The Prime Minister of the United Kingdom, Rishi Sunak, has begun to introduce a series of measures aimed at restricting immigration into the country.
Home Secretary James Cleverly raised the salary limit for foreign workers to £38,000 and banned foreign welfare recipients from bringing relatives to the UK.
Conservative MPs called on the Prime Minister to offer even “tougher” measures to control the numbers and warned that “nothing is more important” to voters than immigration.
Labor accused the Conservatives of “chaotic panic”, while union leaders claimed the Prime Minister was “playing roulette with essential services” to appease the right.

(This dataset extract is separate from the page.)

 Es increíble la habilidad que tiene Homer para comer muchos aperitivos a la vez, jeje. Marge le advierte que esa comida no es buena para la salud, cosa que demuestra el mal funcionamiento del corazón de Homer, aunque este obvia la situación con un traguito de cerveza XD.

Clever announced a plan to reduce legal migration and a new target of 300,000 fewer migrants per year. The plan contains the following points:
Foreign carers can no longer bring their relatives to the UK
The minimum income for family visas has been raised to the new salary threshold of £38,700
The list of scarce occupations is being revised to eliminate a 20 percent salary reduction
The possibility of a postgraduate visa, which allows students to stay for two years after completing their studies, is currently being examined
The home secretary promised the plan would lead to a significant reduction in migration after numbers rose to a record high of 745,000 in 2022, sparking outrage among Conservatives. He said the strategy would reduce annual numbers by 300,000 over the next few years.

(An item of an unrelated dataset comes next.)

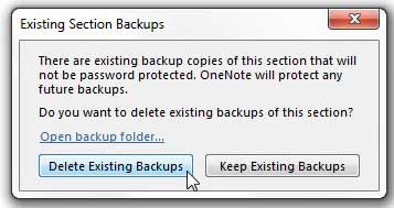 OneNote kysyy sitten, kuinka haluat, että se käsittelee olemassa olevia varmuuskopioita, joissa on kopio kannettavasta osiosta ilman salasanasuojaa, joten valitse haluamasi vaihtoehto.

Sunak and Cleverly have not capped the total number of visas and benefits a move that Immigration Secretary Robert Jenrick is believed to have pushed for.
The Common Sense Group chairman said the new measures were “long overdue but incredibly welcome” but warned Sunak he needed to go further, ending the postgraduate visa route and setting a general cap on migration fluids.
Rightwing leader Simon Clarke said Conservative voters had expressed “their desperation for bold action to find a solution”.